_Task instructions_:
Directions for the data below: repeat exactly the lines from the one with "En moderne, elegant" through the one with "Hang a basket", both included, and omit all pictures.

_Data in this exercise_:
--- START ---

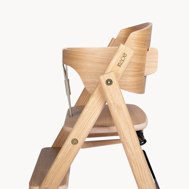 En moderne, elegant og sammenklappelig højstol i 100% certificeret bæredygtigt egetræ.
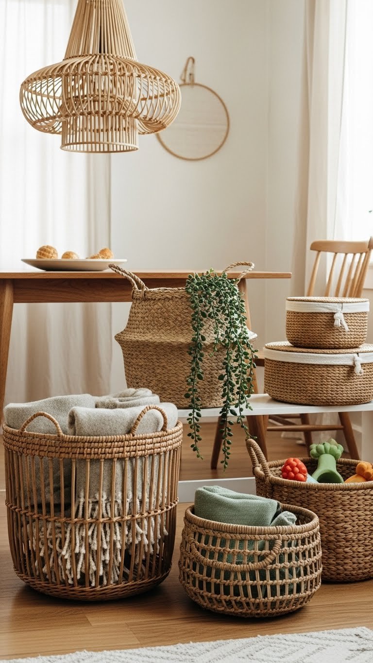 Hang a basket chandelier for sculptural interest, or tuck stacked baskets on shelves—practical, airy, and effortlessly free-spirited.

--- END ---
--- START ---

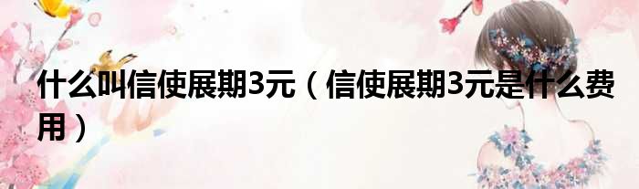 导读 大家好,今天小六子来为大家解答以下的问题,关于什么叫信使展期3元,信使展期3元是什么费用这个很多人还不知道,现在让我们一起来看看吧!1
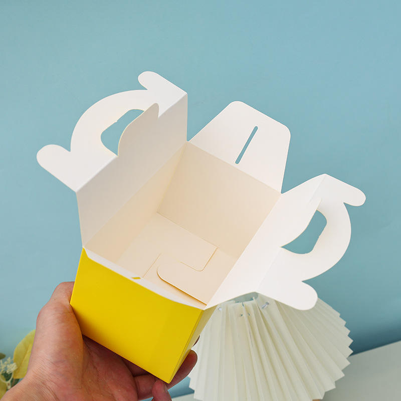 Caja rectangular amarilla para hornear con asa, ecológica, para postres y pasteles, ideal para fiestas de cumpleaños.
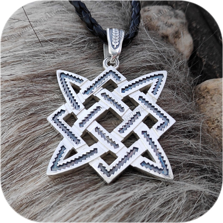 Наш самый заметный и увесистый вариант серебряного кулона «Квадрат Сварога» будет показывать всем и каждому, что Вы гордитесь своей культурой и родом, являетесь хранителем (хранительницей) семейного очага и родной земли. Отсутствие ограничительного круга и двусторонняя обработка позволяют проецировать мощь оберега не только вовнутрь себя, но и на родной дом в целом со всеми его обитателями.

--- END ---

_Result_:
 En moderne, elegant og sammenklappelig højstol i 100% certificeret bæredygtigt egetræ.
 Hang a basket chandelier for sculptural interest, or tuck stacked baskets on shelves—practical, airy, and effortlessly free-spirited.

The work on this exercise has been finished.